§ **Record extracts**
• • • • •
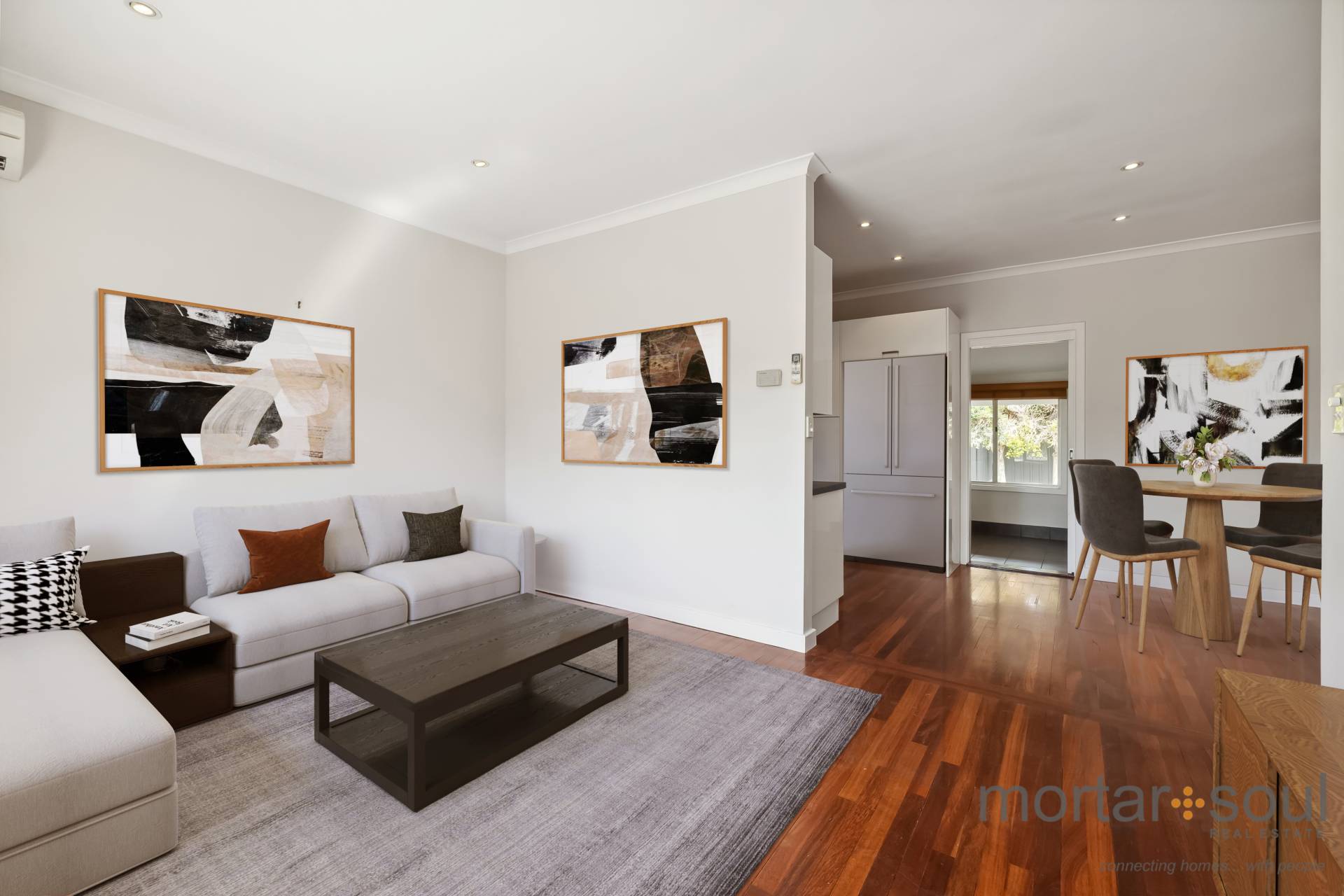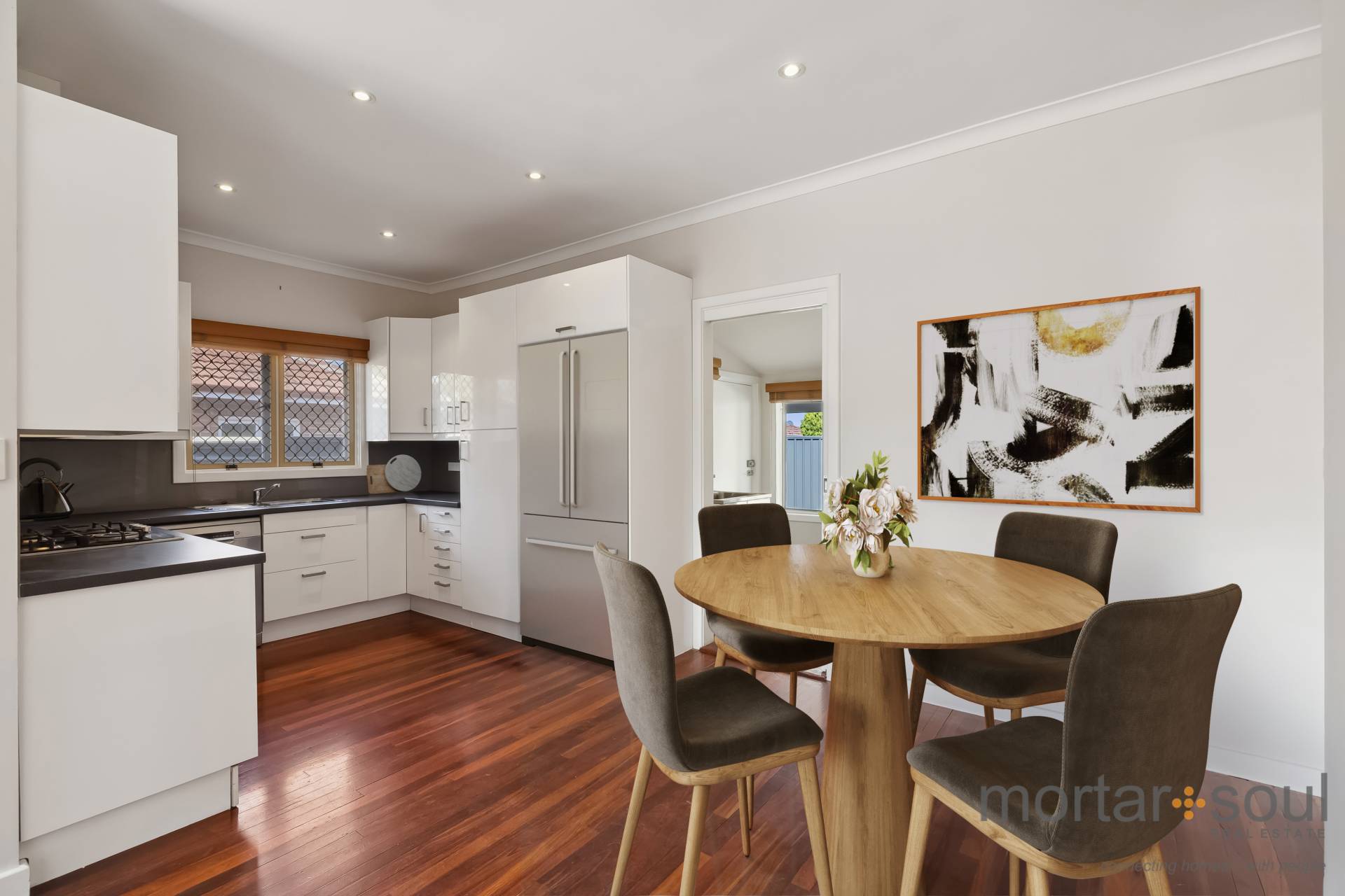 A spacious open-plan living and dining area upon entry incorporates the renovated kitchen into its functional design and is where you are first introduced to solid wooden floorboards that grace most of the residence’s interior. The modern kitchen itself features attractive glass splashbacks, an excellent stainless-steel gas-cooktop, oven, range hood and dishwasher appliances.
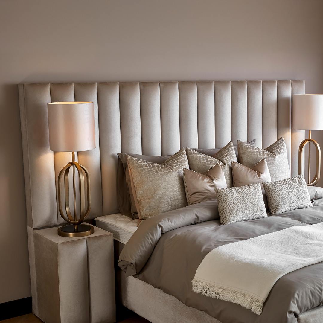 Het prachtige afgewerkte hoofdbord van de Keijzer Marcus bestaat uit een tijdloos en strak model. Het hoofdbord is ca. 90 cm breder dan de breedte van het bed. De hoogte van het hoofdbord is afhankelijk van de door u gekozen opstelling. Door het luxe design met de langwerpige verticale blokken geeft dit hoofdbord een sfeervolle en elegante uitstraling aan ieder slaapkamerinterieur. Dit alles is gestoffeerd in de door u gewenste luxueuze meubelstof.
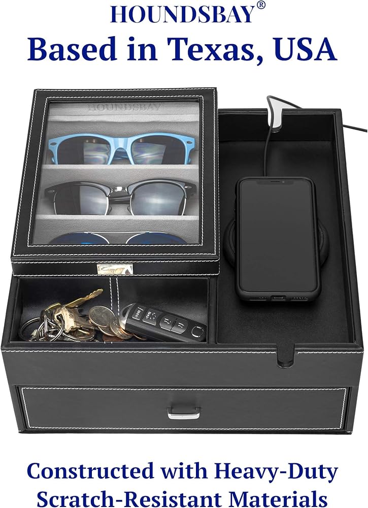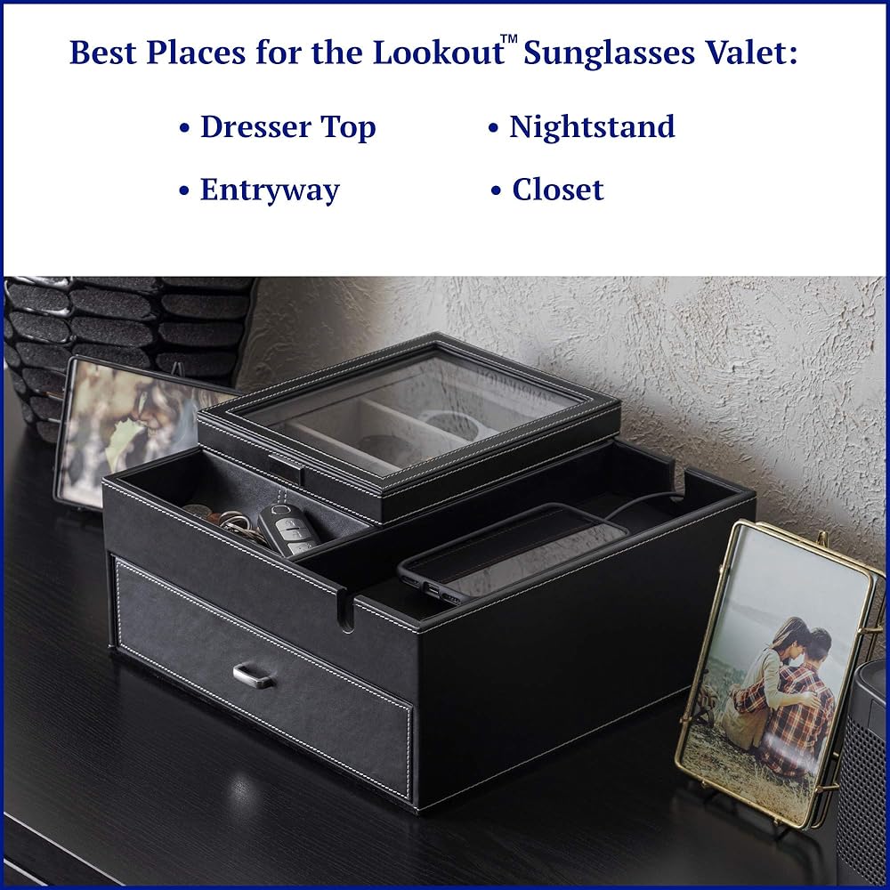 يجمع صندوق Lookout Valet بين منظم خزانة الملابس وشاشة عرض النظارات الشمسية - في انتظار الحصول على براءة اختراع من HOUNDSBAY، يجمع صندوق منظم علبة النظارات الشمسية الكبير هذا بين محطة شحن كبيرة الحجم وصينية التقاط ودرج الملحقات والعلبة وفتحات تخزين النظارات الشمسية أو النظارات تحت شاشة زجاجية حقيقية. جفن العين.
• • • • •
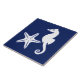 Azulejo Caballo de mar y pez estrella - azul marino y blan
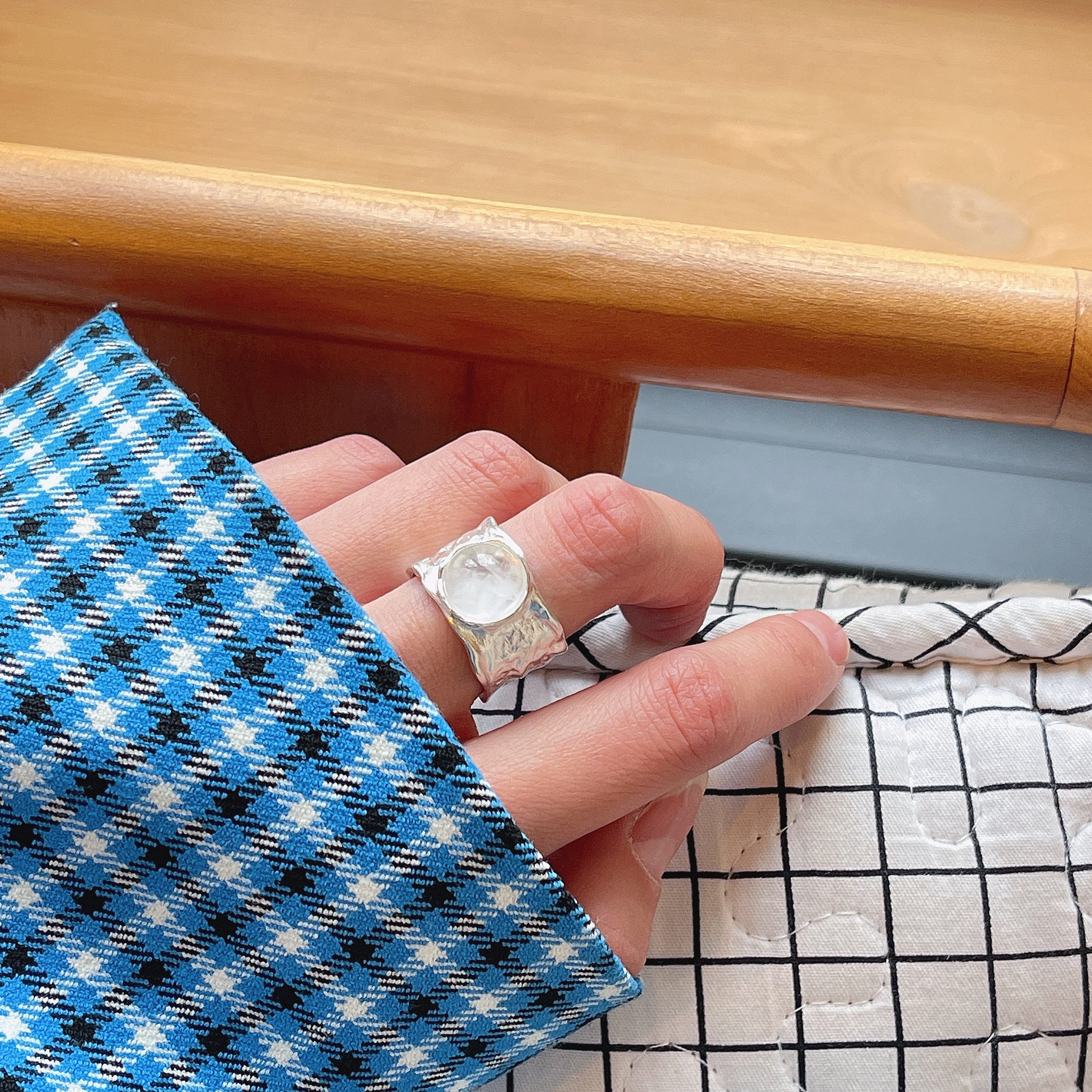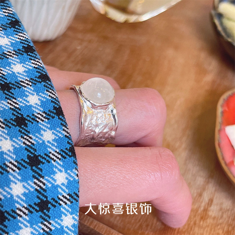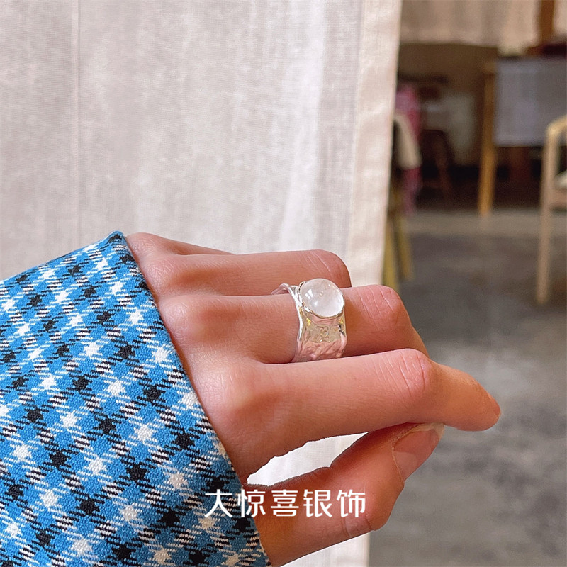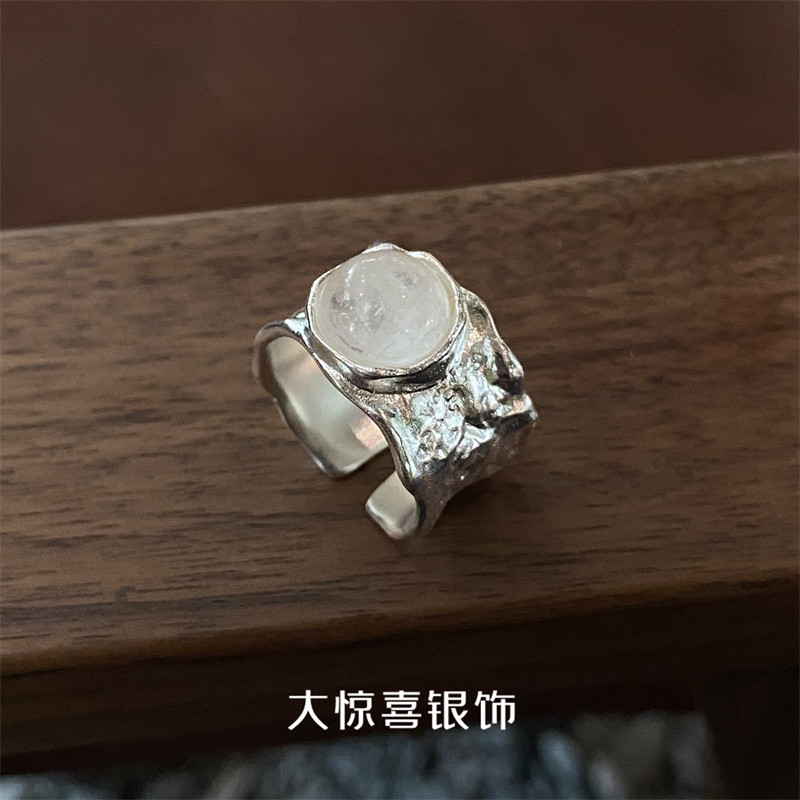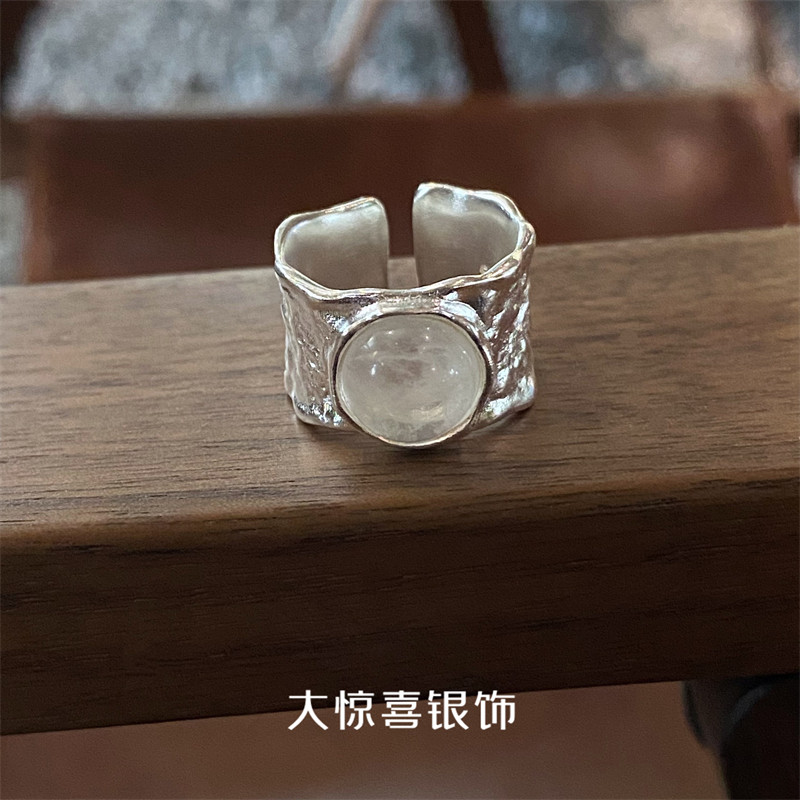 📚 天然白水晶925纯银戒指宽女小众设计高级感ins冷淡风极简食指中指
• • • • •
§ **What you should do**
Your answer should consist of the lines above between those holding "Het prachtige afgewerkte" and "يجمع صندوق Lookout", inclusive, reproduced word for word and without pictures.

§ **Answer**
 Het prachtige afgewerkte hoofdbord van de Keijzer Marcus bestaat uit een tijdloos en strak model. Het hoofdbord is ca. 90 cm breder dan de breedte van het bed. De hoogte van het hoofdbord is afhankelijk van de door u gekozen opstelling. Door het luxe design met de langwerpige verticale blokken geeft dit hoofdbord een sfeervolle en elegante uitstraling aan ieder slaapkamerinterieur. Dit alles is gestoffeerd in de door u gewenste luxueuze meubelstof.
 يجمع صندوق Lookout Valet بين منظم خزانة الملابس وشاشة عرض النظارات الشمسية - في انتظار الحصول على براءة اختراع من HOUNDSBAY، يجمع صندوق منظم علبة النظارات الشمسية الكبير هذا بين محطة شحن كبيرة الحجم وصينية التقاط ودرج الملحقات والعلبة وفتحات تخزين النظارات الشمسية أو النظارات تحت شاشة زجاجية حقيقية. جفن العين.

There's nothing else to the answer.